Light Watch 3-91: Here are the images from cBraille exhibition and the blind obstacle test. Here is the link to the video about it.
http://video.nytimes.com/video/2008/12/22/multimedia/1194836242095/seeing-without-sight.html
Thinking out of the box
Singapore, 21st June 2012
Thinking out of the box is an art…literally. As a designer it is something we are challenged to do on a near daily basis but when I look around I actually see very little signs of creative designs really out of the so called box. Most lighting designs I see seem proven concepts, straight out of the “drawer”. In other words we tried it before it worked well, let’s do it again. We reshape it, remodel it and reformat it to fit the new design and off we go. I have no shame in admitting that this happens often in our design and there is nothing wrong with it as that is the experience our clients want and pay us for.
It inspires me to see designers and artists using conventional methods and techniques to achieve something new, original and unique. Why didn’t I think of that before! It is easy to fall into routines and apply what you know but pushing the imagination by using existing well known materials and their properties to create something new is something what help tickle our minds as designers.
Light Watch 3-90: Here is a compatriot, photographer/ artist, who thinks out of the box. Marcel Heijnen is a Dutchman working out of Singapore who is using an out of the box technique to photograph Asian Cityscapes. Using a clear glass under an angle he captures derelict and weathered walls with the reflection of the cityscape buildings superimposed on the image. It results in very creative and interesting pictures. As a lighting designer it stimulates me creatively to see his work as he is using basically the principles of light for his creations. Glass has both a transparent as well as a reflective property which we as lighting designers use (or avoid) as appropriate. Combining light to use both these properties in just the right balance is original and very “out of the box”.
His exhibition called Residue 2.0 is on in Singapore’s Fort Canning Art Gallery.
There is always another bus around the corner
Singapore, 20th June 2012
Sometimes your patience thins out to a level where you lose faith in good outcomes. But keeping faith and (healthy) optimism helps staying sane as in our project world nothing is straight forward and nothing really develops as planned. Always expect the unexpected and never assume anything are some of the sayings I keep in mind as much as possible.
Sometimes you get appointed within a week of first contact (yes that happens!) sometimes it can be years!! I have currently projects in negotiation for more than a year already.
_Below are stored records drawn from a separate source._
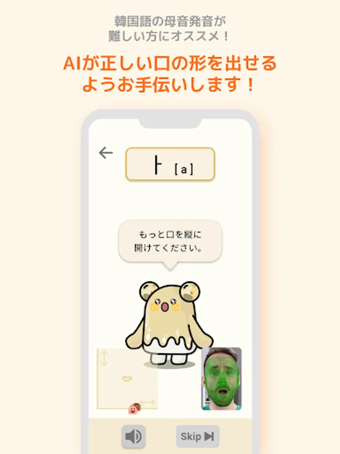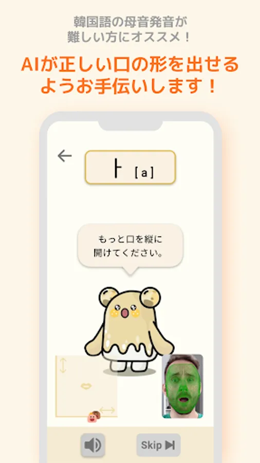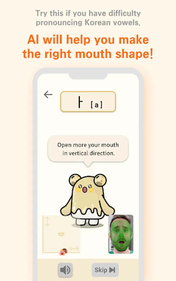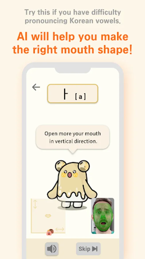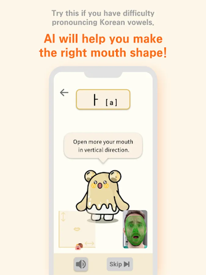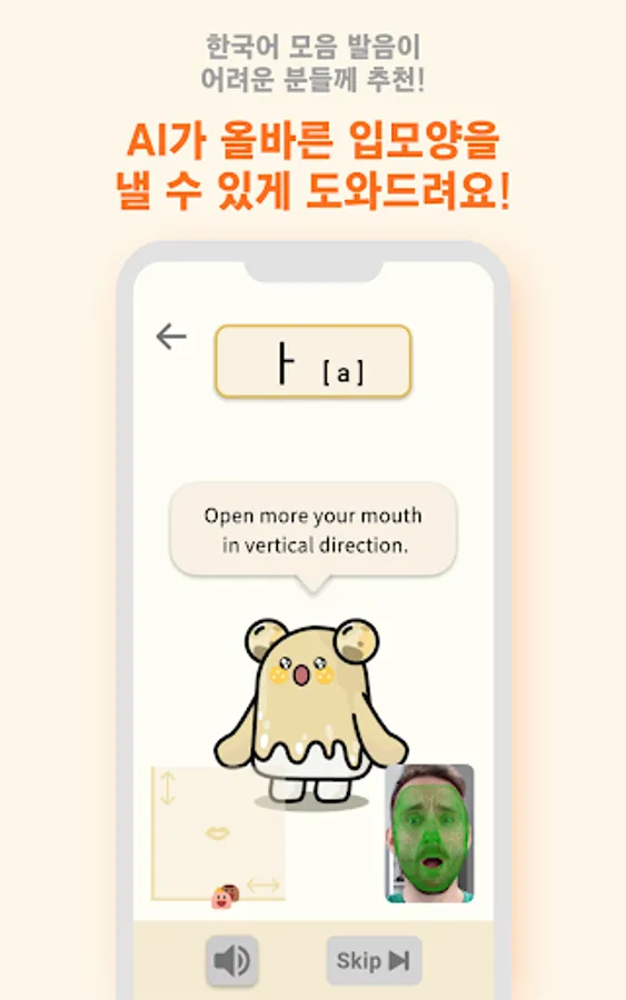 1. 발음교정 화면에서 화면과의 거리가 너무 멀 경우 카메라를 입을 잘 인식하지 못할 수 있습니다.
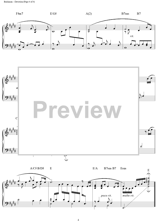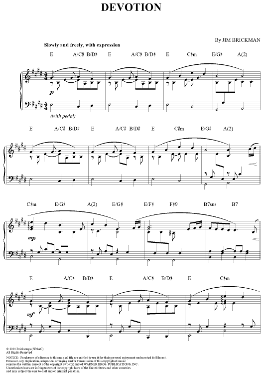 Digital Sheet Music for Devotion by Jim Brickman scored for Piano Solo; id:284506
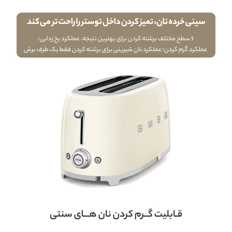 قابلیت تست 4 عدد نان تست، قابلیت گرم کردن نان های سنتی، دهانه ورودی بزرگ نان، سینی جداشو و قابل شستشو،

But another just materialised today within 2 weeks of initial contact. No hassles, no tedious negotiations, a one-time fee proposal and straight up acceptance, we like it that way. What a breath of fresh air compared to those months (sometimes) years of on-and-off negotiations.
The same happens with people and clients you know. They can be off the radar for years and suddenly out of the blue, a new project triggers their memory of you and you receive a call from someone you thought was a long lost friend. I got such call today…we hadn’t spoken for at least 3 years, lost contact so to say. He didn’t have my latest contact details but managed to reach me on my cell which has been the same number for the at least the last 10-15 years now. Whether I remembered him? Of course I did and very happy to hook up again. He is got a project he would like me to help him with…it was a good day today 🙂
You can never tell in our business but you do know that if you miss the bus there is always another one around the corner…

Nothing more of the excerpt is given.